A generalized cognitive hierarchy model for dynamic games
While there has been an increasing focus on the use of game theoretic models for autonomous driving, empirical evidence shows that there are still open questions around dealing with the challenges of common knowledge assumptions as well as modeling bounded rationality. To address some of these practical challenges, we develop a framework of generalized dynamic cognitive hierarchy for both modelling naturalistic human driving behavior as well as behavior planning for autonomous vehicles (AV). This framework is built upon a rich model of level-0 behavior through the use of automata strategies, an interpretable notion of bounded rationality through safety and maneuver satisficing, and a robust response for planning. Based on evaluation on two large naturalistic datasets as well as simulation of critical traffic scenarios, we show that i) automata strategies are well suited for level-0 behavior in a dynamic level-k framework, and ii) the proposed robust response to a heterogeneous population of strategic and non-strategic reasoners can be an effective approach for game theoretic planning in AV
Safety Validation of strategic planners
A particular challenge for both autonomous and human driving is dealing with risk associated with dynamic occlusion, i.e., occlusion caused by other vehicles in traffic. Based on the theory of hypergames, we develop a novel multiagent dynamic occlusion risk (DOR) measure for assessing situational risk in dynamic occlusion scenarios. Furthermore, we present a white-box, scenario-based, accelerated safety validation framework for assessing safety of strategic planners in AV. Based on evaluation over a large naturalistic database, our proposed validation method achieves a 4000% speedup compared to direct validation on naturalistic data, a more diverse coverage, and ability to generalize beyond the dataset and generate commonly observed dynamic occlusion crashes in traffic in an automated manner.

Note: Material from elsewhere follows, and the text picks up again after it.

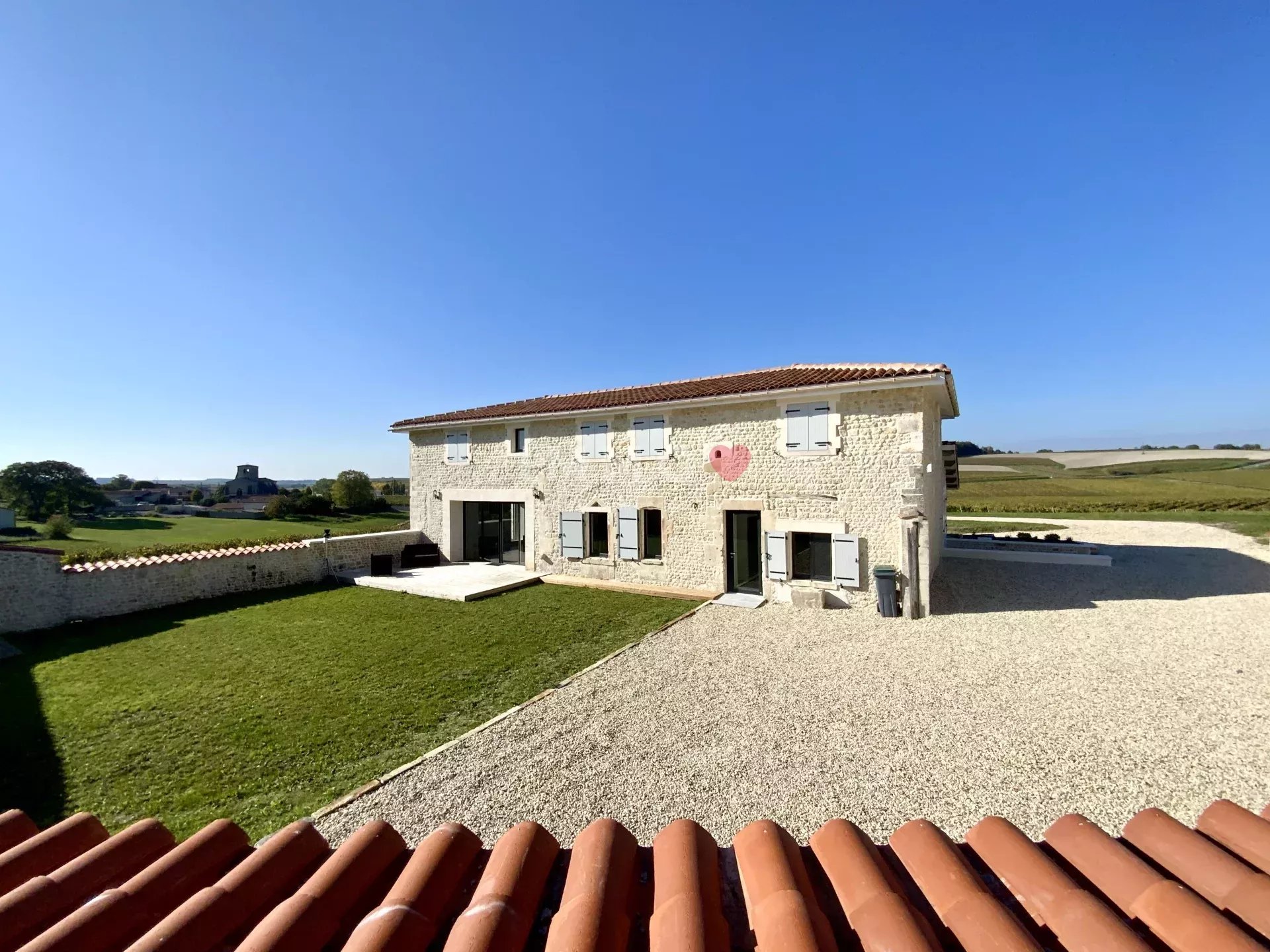 Nichée en hauteur, au cœur des terres nobles de la Grande Champagne, cette authentique Charentaise de 250 m² offre un panorama à 360° sur les vignes environnantes et un cadre de vie rare, calme et sans vis-à-vis.

Waterloo Multi-Agent Traffic Dataset
A multi-agent dataset of traffic interactions covering various scenarios, such as, busy intersections, crosswalk interaction with pedestrians, roundabouts, and interaction between pedetrians and AV. The dataset is under active development, and the intersection and crosswalk dataset is available here
Taxonomy of strategic and non-strategic interactions
In order to enable autonomous vehicles (AV) to navigate busy traffic situations, in recent years there has been a focus on game-theoretic models for strategic behavior planning in AVs. However, a lack of common taxonomy impedes a broader understanding of the strategies the models generate as well as the development of safety specification to identity what strategies are safe for an AV to execute. Based on common patterns of interaction in traffic conflicts, we develop a taxonomy for strategic interactions along the dimensions of agents' initial response to right-of-way rules and subsequent response to other agents' behavior. Furthermore, we demonstrate a process of automatic mapping of strategies generated by a strategic planner to the categories in the taxonomy, and based on vehicle-vehicle and vehicle-pedestrian interaction simulation, we evaluate two popular solution concepts used in strategic planning in AVs, QLk and Subgame perfect epsilon-Nash Equilibrium, with respect to those categories.